The average value of total resources (ASA) of an organization is found as the arithmetic mean between the value at the beginning of the year (A1) and at the end of the year (A2). This is written as a formula:

SSA=(A1 + A2)/2

To calculate the average annual cost, the same principle is applied: indicators are taken as of one accounting period, but from the balance sheets of different years. The divisor will be equal to the number of years under study (if for two years - 2, if for three - 3, etc.). The average indicators for current and non-current resources are calculated similarly.

Real assets ratio

Real assets include intangible assets, fixed assets, inventories (production) and costs in work in progress - everything that is involved in commercial activities. For analysis, a ratio is usually used - the ratio of the total value of real assets to their total value on the balance sheet. A successful manufacturing company should have a value above 0.5 (50%). Decrease means a drop in production capacity or a transfer of the enterprise to other, non-core activities.
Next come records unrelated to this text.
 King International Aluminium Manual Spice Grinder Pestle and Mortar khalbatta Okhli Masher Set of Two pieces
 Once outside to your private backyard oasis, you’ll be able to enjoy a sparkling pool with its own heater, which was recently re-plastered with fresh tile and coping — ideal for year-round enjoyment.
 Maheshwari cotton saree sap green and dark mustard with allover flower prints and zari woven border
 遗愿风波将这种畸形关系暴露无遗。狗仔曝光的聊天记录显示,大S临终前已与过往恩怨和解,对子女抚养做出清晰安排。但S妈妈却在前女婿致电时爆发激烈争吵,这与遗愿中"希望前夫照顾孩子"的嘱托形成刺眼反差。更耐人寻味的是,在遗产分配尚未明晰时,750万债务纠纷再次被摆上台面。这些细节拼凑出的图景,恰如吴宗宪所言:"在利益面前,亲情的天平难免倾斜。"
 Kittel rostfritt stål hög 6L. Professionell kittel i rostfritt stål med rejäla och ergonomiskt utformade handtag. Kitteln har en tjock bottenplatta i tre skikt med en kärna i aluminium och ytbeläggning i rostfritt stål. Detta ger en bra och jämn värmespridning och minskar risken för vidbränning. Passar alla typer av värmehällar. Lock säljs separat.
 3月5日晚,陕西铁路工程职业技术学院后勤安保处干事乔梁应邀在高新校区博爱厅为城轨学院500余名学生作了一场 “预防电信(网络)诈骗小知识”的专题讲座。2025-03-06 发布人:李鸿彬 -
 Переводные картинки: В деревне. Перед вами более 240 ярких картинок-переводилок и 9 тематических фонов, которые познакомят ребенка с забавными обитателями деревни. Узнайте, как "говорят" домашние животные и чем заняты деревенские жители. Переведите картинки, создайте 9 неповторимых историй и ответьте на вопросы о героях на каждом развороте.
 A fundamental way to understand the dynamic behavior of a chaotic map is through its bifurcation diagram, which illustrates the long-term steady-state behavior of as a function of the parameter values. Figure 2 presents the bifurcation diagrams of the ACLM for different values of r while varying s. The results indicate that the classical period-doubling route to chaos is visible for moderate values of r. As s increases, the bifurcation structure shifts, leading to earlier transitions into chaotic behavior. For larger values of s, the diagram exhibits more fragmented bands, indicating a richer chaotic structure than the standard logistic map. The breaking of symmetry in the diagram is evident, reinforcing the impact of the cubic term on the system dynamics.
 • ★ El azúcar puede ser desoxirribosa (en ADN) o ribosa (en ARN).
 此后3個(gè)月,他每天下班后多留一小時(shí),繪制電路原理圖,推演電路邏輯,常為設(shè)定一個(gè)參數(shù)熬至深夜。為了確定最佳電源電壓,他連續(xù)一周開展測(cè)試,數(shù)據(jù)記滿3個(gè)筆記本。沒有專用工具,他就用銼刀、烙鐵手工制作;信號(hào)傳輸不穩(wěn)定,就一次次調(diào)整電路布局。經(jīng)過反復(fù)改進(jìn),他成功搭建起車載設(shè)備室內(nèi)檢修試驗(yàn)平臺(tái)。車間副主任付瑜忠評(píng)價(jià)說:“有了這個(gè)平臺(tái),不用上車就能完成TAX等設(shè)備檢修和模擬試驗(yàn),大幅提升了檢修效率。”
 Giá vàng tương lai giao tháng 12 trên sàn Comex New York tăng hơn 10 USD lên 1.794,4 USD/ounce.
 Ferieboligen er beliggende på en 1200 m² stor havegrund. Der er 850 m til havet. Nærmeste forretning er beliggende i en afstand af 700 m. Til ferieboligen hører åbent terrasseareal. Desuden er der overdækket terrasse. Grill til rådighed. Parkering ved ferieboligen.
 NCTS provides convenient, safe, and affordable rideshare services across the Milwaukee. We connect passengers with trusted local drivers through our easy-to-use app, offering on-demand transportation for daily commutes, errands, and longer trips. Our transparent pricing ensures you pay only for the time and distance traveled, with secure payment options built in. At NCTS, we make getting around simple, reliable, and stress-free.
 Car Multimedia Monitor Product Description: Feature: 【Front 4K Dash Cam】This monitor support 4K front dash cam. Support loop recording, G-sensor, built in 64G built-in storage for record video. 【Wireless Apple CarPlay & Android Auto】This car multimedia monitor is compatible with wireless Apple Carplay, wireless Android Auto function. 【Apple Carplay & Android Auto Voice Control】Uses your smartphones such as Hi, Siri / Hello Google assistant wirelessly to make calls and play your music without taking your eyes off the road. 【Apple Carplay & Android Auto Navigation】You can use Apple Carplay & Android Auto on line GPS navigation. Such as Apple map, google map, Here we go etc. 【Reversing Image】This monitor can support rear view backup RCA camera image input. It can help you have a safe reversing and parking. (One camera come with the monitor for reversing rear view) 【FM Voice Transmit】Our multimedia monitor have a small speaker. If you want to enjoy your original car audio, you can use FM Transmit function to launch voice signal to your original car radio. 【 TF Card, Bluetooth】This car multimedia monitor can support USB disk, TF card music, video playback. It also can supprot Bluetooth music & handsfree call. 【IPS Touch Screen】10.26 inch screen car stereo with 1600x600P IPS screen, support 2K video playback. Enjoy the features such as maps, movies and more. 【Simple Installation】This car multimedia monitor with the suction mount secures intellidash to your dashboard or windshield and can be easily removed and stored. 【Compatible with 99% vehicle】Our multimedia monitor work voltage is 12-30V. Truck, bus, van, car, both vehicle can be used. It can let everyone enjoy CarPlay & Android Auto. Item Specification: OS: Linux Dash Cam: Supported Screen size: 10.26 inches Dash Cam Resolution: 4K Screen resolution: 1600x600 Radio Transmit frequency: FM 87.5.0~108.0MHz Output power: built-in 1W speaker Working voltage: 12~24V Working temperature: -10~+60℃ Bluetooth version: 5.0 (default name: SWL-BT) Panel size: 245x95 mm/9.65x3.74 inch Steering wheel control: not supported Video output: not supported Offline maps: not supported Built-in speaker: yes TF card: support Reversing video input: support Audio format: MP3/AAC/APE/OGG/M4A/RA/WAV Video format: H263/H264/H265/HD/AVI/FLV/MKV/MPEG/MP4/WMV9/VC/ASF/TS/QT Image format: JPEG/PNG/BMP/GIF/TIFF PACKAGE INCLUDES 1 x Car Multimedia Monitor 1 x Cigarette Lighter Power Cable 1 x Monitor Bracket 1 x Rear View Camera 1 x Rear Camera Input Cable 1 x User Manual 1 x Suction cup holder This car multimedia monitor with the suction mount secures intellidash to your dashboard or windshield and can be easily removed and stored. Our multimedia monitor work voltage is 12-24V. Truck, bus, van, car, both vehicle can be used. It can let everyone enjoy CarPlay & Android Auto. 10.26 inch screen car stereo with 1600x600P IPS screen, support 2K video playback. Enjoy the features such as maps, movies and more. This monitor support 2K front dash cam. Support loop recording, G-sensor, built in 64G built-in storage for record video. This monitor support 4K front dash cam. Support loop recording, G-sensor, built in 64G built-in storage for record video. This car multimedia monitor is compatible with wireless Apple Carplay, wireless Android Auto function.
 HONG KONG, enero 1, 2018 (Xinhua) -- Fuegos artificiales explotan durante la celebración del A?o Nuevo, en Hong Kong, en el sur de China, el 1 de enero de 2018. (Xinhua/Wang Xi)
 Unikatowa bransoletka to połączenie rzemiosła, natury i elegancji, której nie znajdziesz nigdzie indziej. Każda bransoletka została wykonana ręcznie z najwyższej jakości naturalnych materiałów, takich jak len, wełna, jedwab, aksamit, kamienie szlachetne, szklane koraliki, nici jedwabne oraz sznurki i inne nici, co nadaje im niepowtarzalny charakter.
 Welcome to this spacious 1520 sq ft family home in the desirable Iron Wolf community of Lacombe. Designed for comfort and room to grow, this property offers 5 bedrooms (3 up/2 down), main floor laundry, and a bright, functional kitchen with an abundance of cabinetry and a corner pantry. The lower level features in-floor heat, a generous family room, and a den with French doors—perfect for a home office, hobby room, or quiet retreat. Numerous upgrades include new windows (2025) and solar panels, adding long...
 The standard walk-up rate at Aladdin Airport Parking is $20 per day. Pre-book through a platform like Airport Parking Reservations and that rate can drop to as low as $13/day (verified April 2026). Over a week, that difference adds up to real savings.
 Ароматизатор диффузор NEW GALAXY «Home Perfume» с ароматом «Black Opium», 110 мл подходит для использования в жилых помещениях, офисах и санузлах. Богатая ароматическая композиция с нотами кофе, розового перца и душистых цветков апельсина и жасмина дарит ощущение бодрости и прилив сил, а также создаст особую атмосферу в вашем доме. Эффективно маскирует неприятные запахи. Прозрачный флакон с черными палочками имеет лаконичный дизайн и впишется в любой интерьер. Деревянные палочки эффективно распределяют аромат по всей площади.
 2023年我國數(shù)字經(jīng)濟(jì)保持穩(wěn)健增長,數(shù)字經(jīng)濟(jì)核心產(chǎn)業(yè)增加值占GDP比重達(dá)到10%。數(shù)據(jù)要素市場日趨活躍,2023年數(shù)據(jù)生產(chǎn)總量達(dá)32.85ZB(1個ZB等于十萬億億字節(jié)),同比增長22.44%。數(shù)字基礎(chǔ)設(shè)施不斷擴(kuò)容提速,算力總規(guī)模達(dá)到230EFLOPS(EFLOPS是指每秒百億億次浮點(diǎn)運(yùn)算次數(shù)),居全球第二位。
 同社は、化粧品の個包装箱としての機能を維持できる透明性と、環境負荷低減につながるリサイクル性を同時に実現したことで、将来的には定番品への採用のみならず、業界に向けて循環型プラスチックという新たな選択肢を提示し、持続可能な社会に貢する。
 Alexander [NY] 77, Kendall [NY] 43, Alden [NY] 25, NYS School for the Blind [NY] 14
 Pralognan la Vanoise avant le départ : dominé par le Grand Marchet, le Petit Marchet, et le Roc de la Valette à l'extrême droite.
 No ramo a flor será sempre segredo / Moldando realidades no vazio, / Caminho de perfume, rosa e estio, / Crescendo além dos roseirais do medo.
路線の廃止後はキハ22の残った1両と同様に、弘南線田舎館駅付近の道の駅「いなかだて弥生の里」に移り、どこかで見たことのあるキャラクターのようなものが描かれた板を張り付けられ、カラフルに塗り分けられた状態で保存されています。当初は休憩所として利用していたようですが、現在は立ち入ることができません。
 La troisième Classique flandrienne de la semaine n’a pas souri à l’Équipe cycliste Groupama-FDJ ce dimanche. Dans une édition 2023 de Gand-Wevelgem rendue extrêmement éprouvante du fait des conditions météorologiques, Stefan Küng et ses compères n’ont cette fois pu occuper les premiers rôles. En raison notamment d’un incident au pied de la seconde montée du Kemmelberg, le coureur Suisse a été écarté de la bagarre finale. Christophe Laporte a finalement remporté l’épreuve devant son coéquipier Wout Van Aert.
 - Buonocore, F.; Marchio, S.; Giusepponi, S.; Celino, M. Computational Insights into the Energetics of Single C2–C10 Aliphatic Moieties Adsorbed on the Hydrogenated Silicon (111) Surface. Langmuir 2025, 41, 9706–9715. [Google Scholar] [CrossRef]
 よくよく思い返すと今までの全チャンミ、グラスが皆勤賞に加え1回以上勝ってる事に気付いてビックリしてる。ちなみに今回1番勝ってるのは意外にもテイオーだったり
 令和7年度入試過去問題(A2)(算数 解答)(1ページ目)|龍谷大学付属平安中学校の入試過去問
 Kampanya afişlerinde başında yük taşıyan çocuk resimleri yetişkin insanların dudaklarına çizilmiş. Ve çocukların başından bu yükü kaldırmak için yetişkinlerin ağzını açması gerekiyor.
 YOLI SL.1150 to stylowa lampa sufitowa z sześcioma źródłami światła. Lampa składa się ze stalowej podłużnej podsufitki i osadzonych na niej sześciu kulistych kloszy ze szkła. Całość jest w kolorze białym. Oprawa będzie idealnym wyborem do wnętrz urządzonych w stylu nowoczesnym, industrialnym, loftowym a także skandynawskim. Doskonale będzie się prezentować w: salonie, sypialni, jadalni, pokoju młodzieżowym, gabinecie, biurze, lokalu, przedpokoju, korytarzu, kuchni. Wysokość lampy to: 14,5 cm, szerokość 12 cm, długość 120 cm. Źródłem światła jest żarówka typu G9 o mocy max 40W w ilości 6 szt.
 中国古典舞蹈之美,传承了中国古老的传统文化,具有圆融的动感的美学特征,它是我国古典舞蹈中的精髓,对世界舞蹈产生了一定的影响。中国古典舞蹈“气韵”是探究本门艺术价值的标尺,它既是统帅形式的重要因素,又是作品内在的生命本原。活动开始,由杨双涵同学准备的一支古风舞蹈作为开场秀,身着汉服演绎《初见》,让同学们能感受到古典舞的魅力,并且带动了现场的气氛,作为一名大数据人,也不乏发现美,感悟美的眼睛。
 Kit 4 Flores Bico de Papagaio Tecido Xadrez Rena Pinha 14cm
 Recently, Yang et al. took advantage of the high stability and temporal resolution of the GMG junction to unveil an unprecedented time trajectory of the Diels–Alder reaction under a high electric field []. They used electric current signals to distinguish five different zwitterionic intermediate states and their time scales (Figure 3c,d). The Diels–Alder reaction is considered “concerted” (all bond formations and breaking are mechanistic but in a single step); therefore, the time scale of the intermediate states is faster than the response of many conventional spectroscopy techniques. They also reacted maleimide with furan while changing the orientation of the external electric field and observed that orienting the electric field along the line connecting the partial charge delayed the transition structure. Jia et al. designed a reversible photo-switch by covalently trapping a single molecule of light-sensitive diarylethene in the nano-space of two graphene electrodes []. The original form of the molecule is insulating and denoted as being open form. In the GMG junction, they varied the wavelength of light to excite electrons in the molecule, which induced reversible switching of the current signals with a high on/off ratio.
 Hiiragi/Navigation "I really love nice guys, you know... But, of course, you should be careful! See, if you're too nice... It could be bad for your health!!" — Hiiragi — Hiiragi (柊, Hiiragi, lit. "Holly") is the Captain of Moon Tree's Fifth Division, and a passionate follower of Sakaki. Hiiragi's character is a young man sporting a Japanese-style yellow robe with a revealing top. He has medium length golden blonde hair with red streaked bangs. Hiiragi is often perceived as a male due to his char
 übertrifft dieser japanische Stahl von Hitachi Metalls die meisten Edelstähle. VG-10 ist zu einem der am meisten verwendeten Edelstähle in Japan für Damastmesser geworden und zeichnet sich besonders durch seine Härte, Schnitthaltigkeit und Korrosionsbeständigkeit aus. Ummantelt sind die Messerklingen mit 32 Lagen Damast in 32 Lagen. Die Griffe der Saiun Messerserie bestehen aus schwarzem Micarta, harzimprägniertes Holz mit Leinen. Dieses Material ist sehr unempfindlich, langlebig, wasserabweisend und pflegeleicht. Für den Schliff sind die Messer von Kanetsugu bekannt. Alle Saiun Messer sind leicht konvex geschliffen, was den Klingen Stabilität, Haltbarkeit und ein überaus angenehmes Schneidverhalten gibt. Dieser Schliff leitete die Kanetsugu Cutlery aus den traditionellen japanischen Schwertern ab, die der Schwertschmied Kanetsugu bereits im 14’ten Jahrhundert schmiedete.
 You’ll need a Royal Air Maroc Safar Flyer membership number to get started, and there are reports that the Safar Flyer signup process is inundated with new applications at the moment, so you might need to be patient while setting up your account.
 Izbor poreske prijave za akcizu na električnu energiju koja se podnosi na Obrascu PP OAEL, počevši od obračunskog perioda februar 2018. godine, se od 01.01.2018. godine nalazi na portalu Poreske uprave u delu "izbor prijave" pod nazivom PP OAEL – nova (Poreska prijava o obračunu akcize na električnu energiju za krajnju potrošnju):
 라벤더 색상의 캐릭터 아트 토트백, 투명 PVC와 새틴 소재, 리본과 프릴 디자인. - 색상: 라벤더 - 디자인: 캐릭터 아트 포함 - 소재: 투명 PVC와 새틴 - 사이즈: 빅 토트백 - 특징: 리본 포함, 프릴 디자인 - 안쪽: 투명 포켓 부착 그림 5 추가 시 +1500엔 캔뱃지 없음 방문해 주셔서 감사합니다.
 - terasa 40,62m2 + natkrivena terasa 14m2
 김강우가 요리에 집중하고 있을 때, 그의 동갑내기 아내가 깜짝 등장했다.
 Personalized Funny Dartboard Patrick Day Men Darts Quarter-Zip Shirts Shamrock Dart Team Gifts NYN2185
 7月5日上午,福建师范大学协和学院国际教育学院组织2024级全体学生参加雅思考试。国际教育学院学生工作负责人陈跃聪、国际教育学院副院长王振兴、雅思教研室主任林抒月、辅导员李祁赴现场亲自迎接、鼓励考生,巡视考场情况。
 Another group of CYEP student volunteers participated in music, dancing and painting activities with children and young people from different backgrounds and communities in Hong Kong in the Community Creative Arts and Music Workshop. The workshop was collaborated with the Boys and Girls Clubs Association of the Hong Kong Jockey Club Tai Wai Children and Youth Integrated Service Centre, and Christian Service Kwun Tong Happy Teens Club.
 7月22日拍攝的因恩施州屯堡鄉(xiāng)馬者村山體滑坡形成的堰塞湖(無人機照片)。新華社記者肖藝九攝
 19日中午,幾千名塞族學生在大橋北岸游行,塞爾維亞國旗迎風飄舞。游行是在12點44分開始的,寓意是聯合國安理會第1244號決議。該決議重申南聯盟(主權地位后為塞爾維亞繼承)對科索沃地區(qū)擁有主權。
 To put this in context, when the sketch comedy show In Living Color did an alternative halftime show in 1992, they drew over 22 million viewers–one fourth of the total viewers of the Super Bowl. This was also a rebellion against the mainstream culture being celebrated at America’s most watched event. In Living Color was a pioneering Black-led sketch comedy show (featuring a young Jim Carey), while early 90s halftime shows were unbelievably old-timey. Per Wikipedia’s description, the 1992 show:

Asset immobilization ratio

Immobilization of assets means their withdrawal from circulation. That is, the share of assets that are not involved in turnover and do not generate income, or are used for other purposes than their intended purpose, is assessed. The immobilization coefficient shows how efficiently the enterprise's resources are used. The indicator reflecting the state of immobilized funds is calculated as the ratio between the permanent (non-current) and current (current) assets of the enterprise.

The lower this indicator, the more liquid resources the enterprise has and, accordingly, the higher its solvency.